Sophia has served as a conductor for the award-winning Young People’s Chorus of New York City, conducting not only for its core after-school program, but also within many New York City public schools across the boroughs. She has conducted at a number of notable venues throughout New York City, including Carnegie Hall, Avery Fisher Hall, Lincoln Center’s Rose Theater, the 92nd Street Y, Merkin Concert Hall at Kaufman Center, and Symphony Space. She has prepared choruses for national radio and television appearances, recording sessions, collaborative performances with such ensembles as the Kronos Quartet and the Stephen Petronio Company, and for performances not only in New York City, but also in major venues throughout North America, Asia, Europe, and South America. She has conducted professional, university, youth, and community choirs, and maintains an active voice studio.
Sophia is also active as a studio and live-event producer. She is a magna cum laude graduate of the Ithaca College School of Music where she is a member of the Choral Music Experience artistic faculty.

Alysia Lee receives national recognition for advancing access, equity, and decolonization with leaders, organizations, and communities. Her methods center on anti-racism, creativity, and justice.
Lee is a Kennedy Center Citizen Artist and the Founder and Artistic Director of Sister Cities Girlchoir (SCG), the El Sistema-inspired, girl empowerment choral academy in Philadelphia, Camden, and Baltimore in its eleventh season. She frequents as a guest conductor, most recently with the Mendelssohn Chorus, Bent But Not Broken Festival, and Boston Children’s Chorus.

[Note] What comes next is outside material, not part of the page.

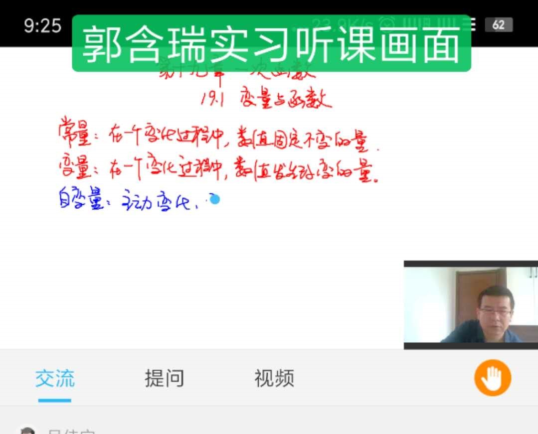 实习场所从公司转移到了家里,不变的是师大二附中老师们在课堂上的谆谆教诲。在初二数学组的苏老师的课堂上,他丰富的专业知识,娴熟的教学技巧,浑然天成的教学风格都让我收获颇丰,启发良多。一边听课一边思考,作为实习生,我认真思考实际的课堂上应该怎样教好学。
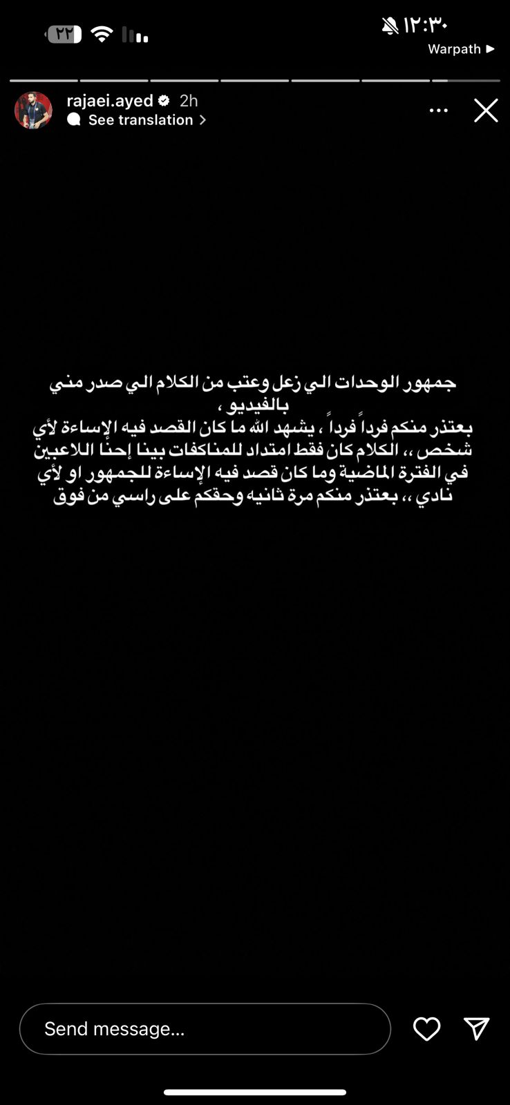 بعتذر منكم فردا فردا ، يشهد الله ما كان القصد فيه الإساءة لأي شخص ،، الكلام كان فقط امتداد للمناكفات بينا إحنا اللاعبين في الفترة الماضية وما كان قصد فيه الإساءة للجمهور او لأي نادي ،، بعتذر منكم مرة ثانيه وحقكم على راسي من فوق".

Her piece ‘Say Her Name’ is published by Hal Leonard. She has recent composition commissions from Baltimore Choral Arts, Portland Lesbian Choir, and ComMission Possible. Alysia is the series editor of Hal Leonard’s Exigence for Young Voices, the new choral series uplifting Black, Brown, Indigenous, and Asian composers for young ensembles.
She is a board member of Chorus America, co-chair of Arts Education Partnership’s Racial Equity Working Group, and an Advisor for ArtsEdSEL. Recent speaking/facilitation engagements include the U.S. Department of Education, The Kennedy Center, Save the Music, Carnegie Hall, and many universities/colleges, school districts, and national and state professional associations. She Lee is formerly the education program supervisor for Fine Arts Education for the Maryland State Department of Education across five arts disciplines: music, dance, visual art, theatre, and media arts.